This content has been archived. It may no longer be relevant
I’m not even going to try to spin this into advertising. Anyone who has read this blog knows that I am a sucker for all things related to quantum – and especially the pursuit of a quantum computer (quamputer). Here’s what I wrote last week about it: “As a physics geek, I do my best to bridge science with advertising. I usually fail. I get that most people simply don’t see (or care) how a quantum computer can help them sell more products. Well, usually, me either. My position is that as science improves computers and mobile devices, the way we interact with the things around us will fundamentally change.” I figure if I repeat it enough, you’ll start to believe it. Anyway, I admit that I get irrationally excited when I see stories like this one from Discovery News:
For the first time, researchers have teleported 10,000 bits of information per second from point A to point B across a distance of about six millimeters and inside a solid state circuit, similar to a computer chip. Although the accomplishment differs from teleporting mass, like a person — such as that seen on science fiction shows like Star Trek — the remarkable feat demonstrates what could be possible with a quantum computer. The scientists, from the Swiss Federal Institute of Technology (ETH) in Zurich, report their findings in this week’s issue of Nature.

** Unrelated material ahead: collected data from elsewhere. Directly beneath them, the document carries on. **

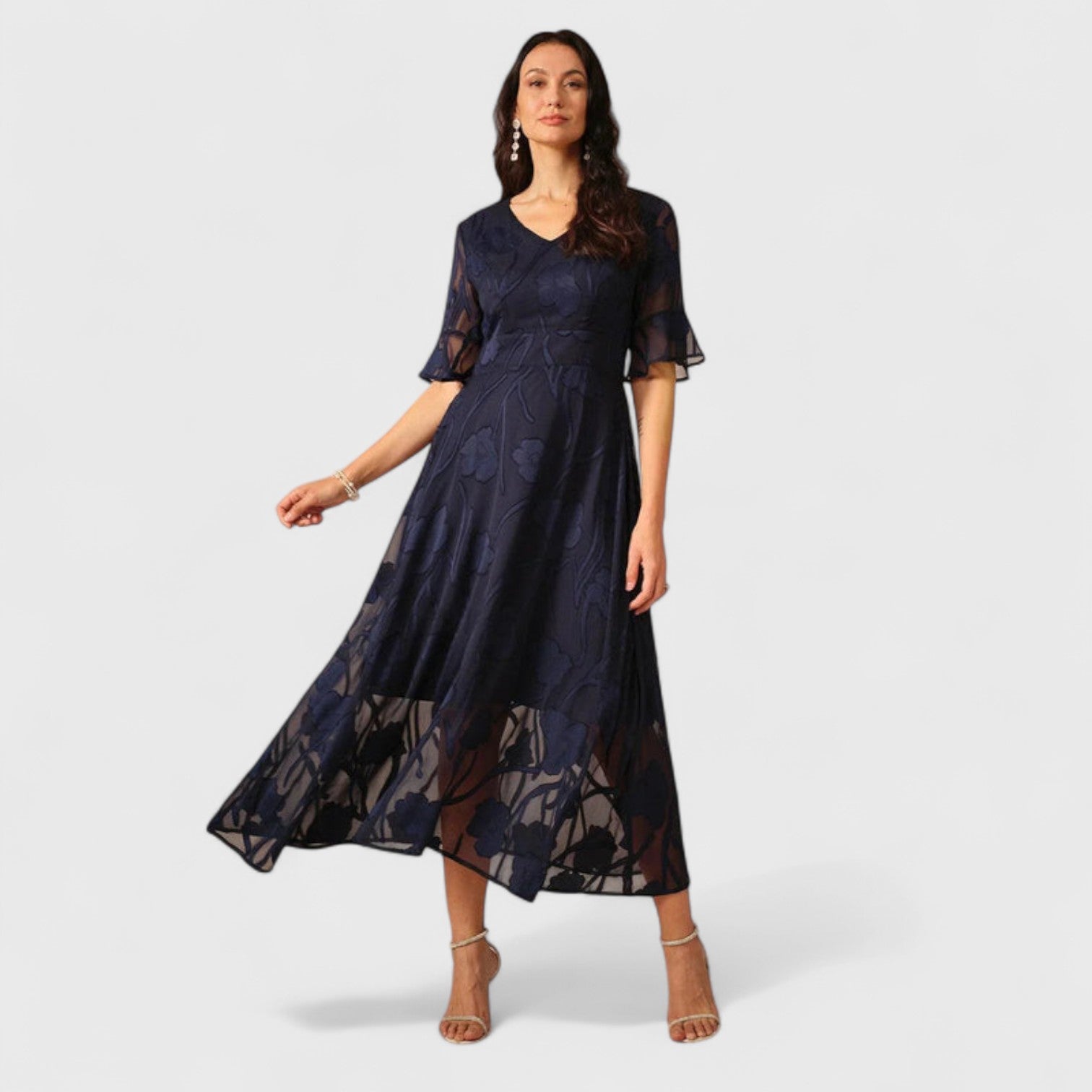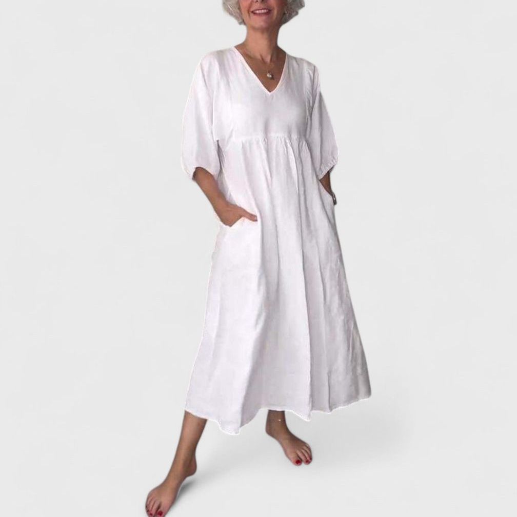שמלת מריה עם עיצוב צווארון V וקפלים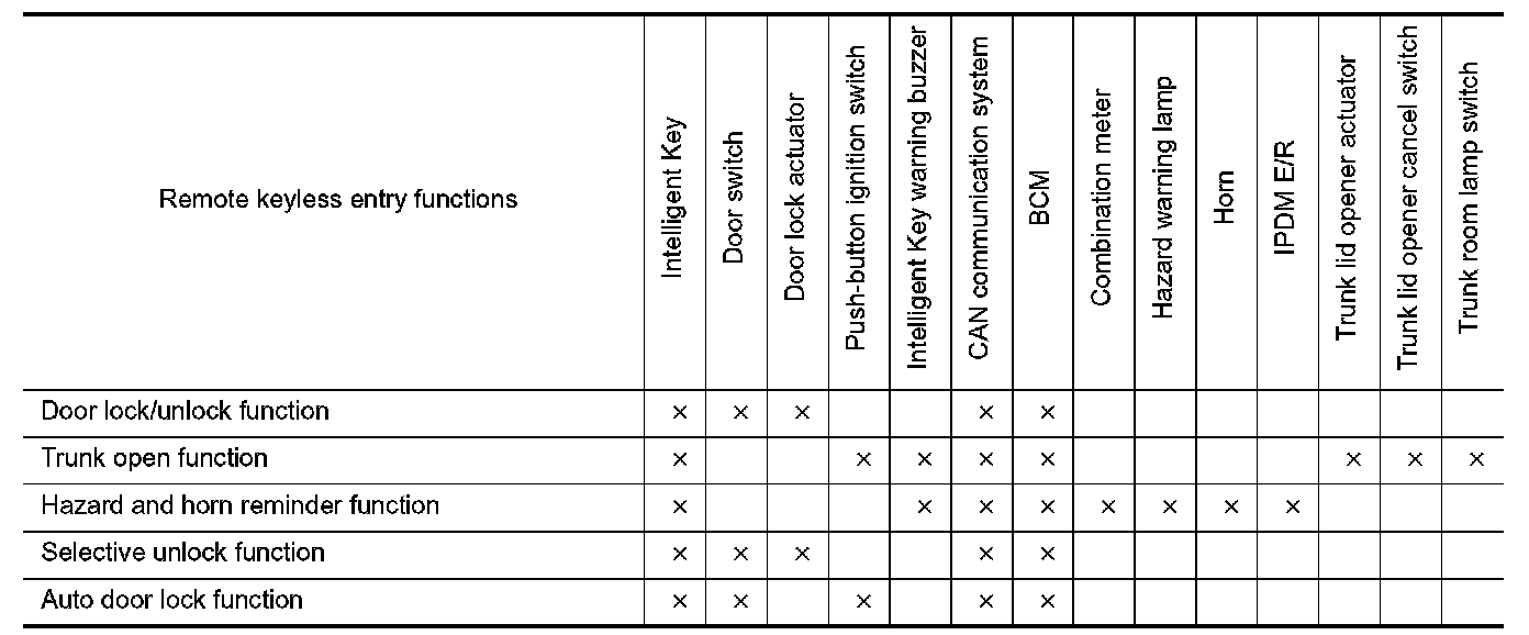 - When BCM receives the door lock/unlock signal, it operates all door lock actuators and fuel lid lock actuator the hazard lamp (lock: 2 times, unlock: 1 time) and horn chirp signal to IPDM E/R at the same time as a reminder.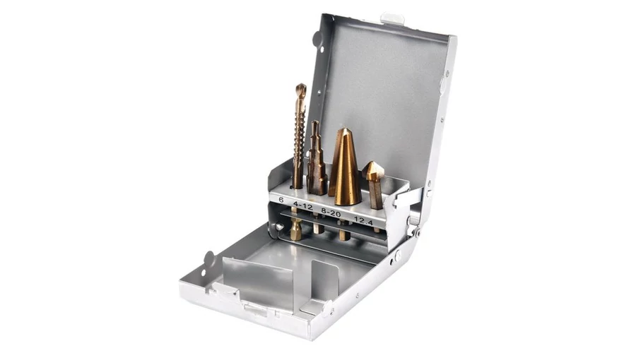 Univerzális fúró készlet HSS acélból hatszög befogással, fém dobozban szállítva. A készlet tartalmaz 1 db marófúrószárat (6x90 mm), 1 db lépcsős lemezfúrót (4-12 mm), 1 db lemezfúrót (8-20 mm), 1 db kúpos furatsüllyesztőt (12,4 mm).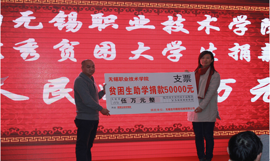 2015年02月07日,无锡吉冈精密机械有限公司捐助玛雅吧 外语与旅游学院优秀贫困生的仪式在公司年会上举行。公司总经理周延先生代表董事会向我院的优秀贫困生捐助现金伍万元,外语与旅游学院杨丽院长代表我院接受了这一捐赠。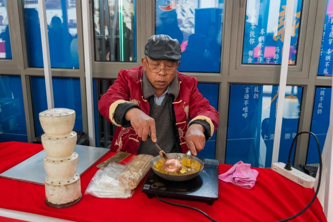 在年货区,东滩大米、崇明糕、崇明果蔬等本土特产琳琅满目,散发着诱人的香气,不少居民正在挑选心仪的年礼。一位带着孩子的母亲笑着说:“这里买的不仅是年货,更是我们崇明的味道。”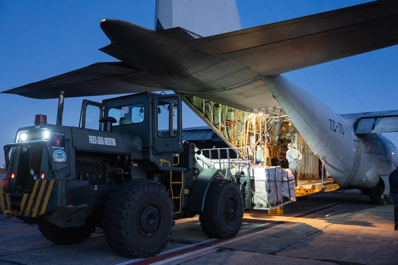 Este viernes 28 de junio llega un avión Hércules C-130 que proveerá de ayuda alimentaria y medicamentos a la provincia y serán distribuidos mediante la participación del Comité de Operaciones de Emergencia junto a la coordinación de la Secretaría de Protección Civil. (OPI Santa Cruz)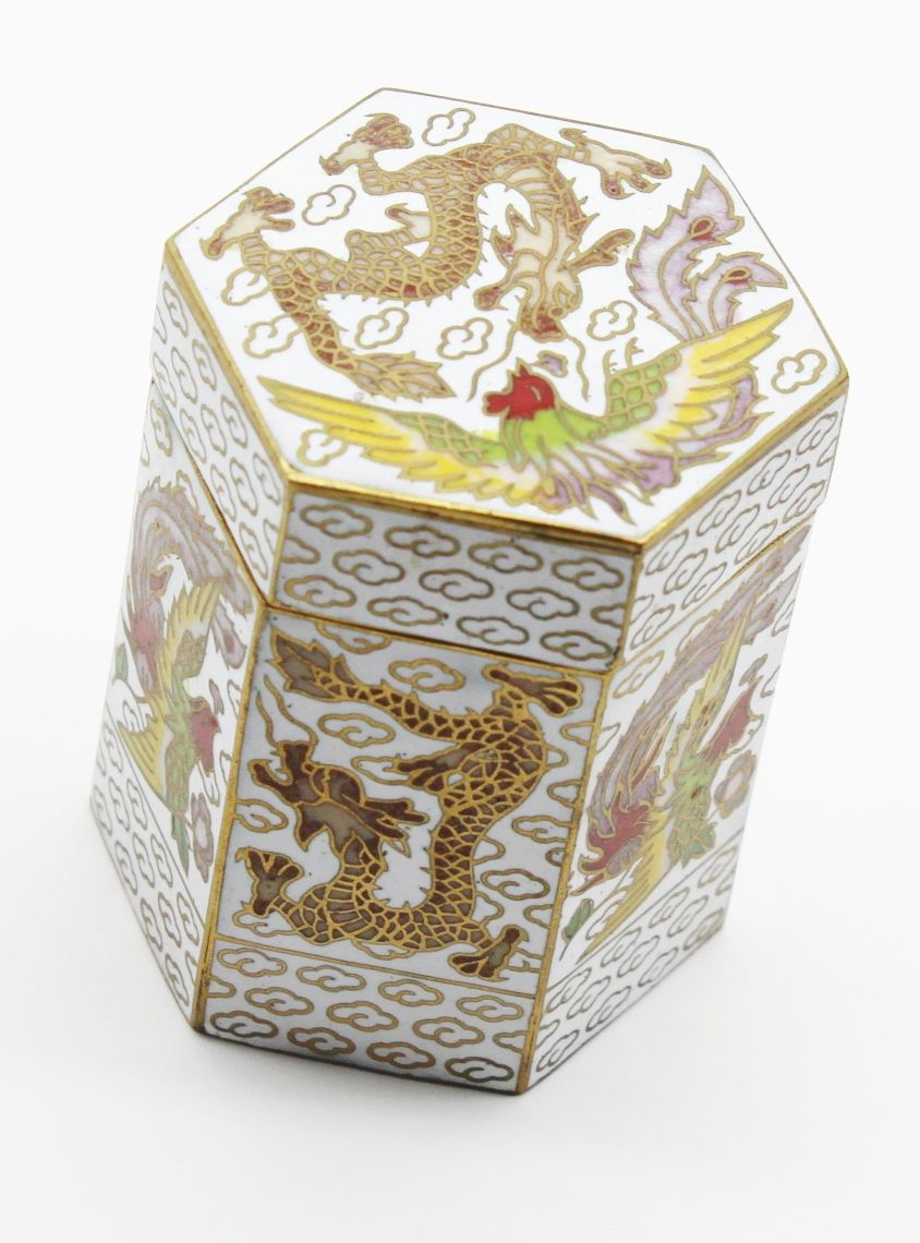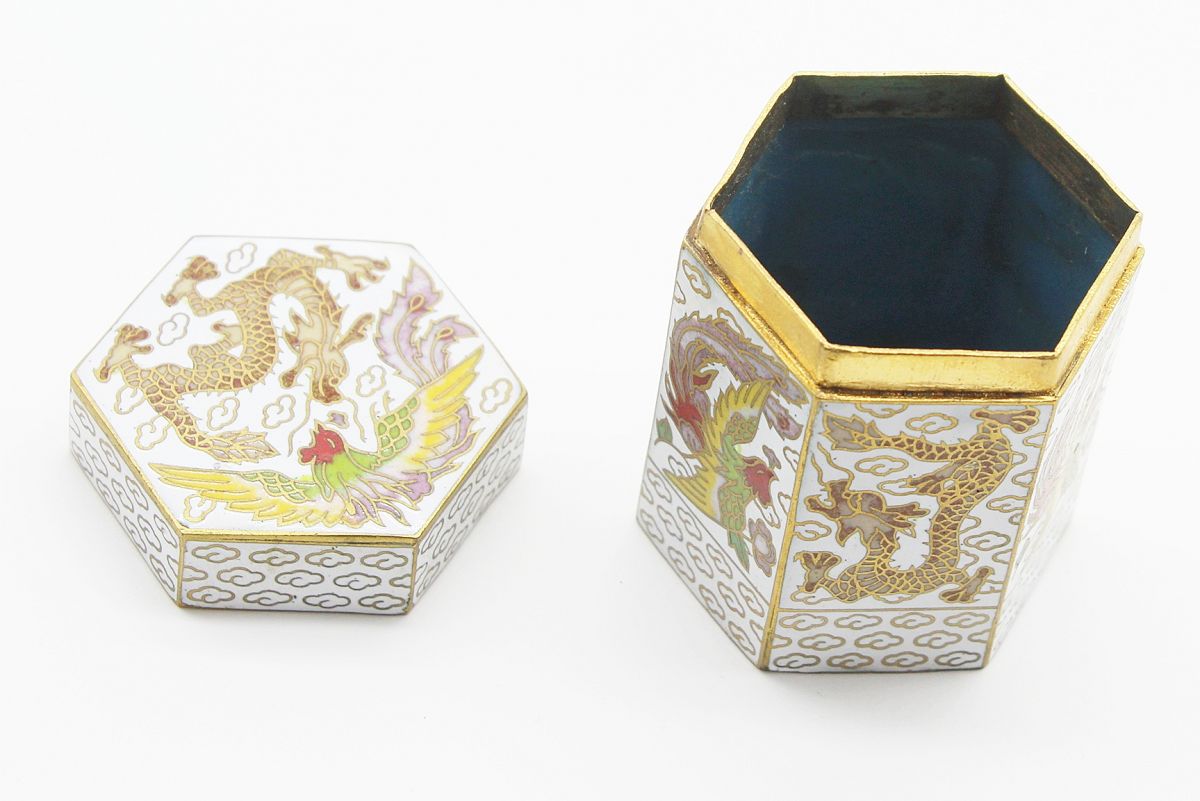Boite cloisonnée chinoise avec dragon des années 80 en bon état vendue avec sa boîte d'origine.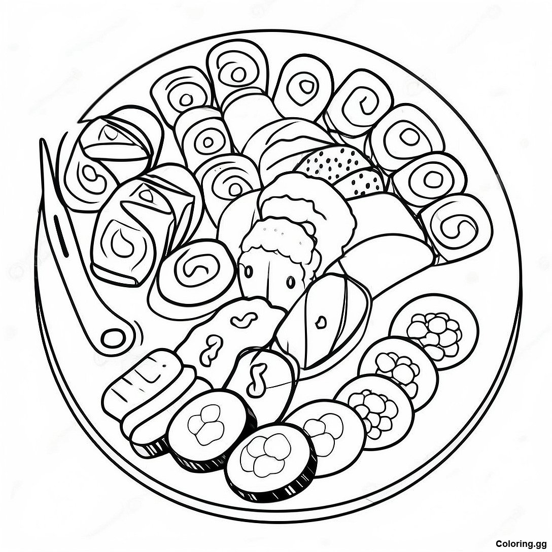রঙিন সুশি প্লেট রঙ করার পাতা এর মুদ্রণযোগ্য পিডিএফ ডাউনলোড করুন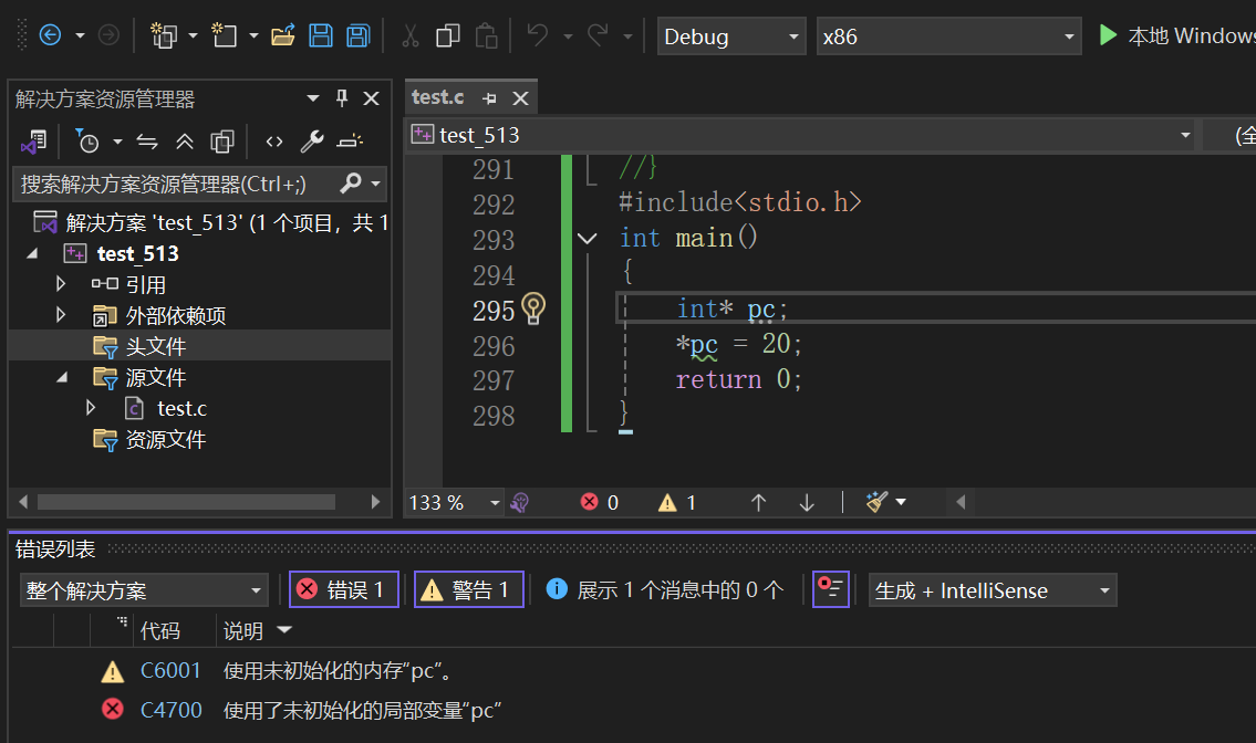 这里我们可以看出代码发出了警告,是因为pc是局部变量,局部变量指针未初始化,默认是随机值。

In their experiment, the team spaced three micron-sized electronic circuits on a seven-by-seven-millimeter computer chip. Two of the circuits worked as a sending mechanism, while the other served as the receiver. The scientists cooled the chip to near absolute zero and ran a current through the circuits. At that frigid temperature and small scale, the electrons in the circuit — which are the quantum bits of information, the qubits — started to behave according to the rules of quantum mechanics. The qubits became entangled. This means they become linked, sharing identical quantum states, even if physically separated from one other.
Specifically, the qubits in the sender circuit became entangled with those in the receiving circuit. The ETH team encoded some information into the qubits in the sending circuits and then measured of the state of the qubits in the receiver circuit. Whatever state the qubits had been in the sender was reflected instantly in the receiving circuit. The researchers had teleported the information. This is different from the way information is sent in ordinary computers, electrons carry information along wires or through the air via radio waves. In this case, no bit of data physically traveled along a route — instead the information disappeared from one location and reappeared at another.
Other experimenters have teleported quantum bits, too, and have done so across a larger distance. But those teams only got the teleportation to work once in a while, perhaps a few percent of the time. The ETH team was also able to teleport up to 10,000 quantum bits every second, and get it to work right consistently. That’s fast enough and accurate enough to build a useful computer. “Basically we can push a button and have this teleportation work every time,” said Andreas Wallraff, Professor at the Department of Physics and head of the study.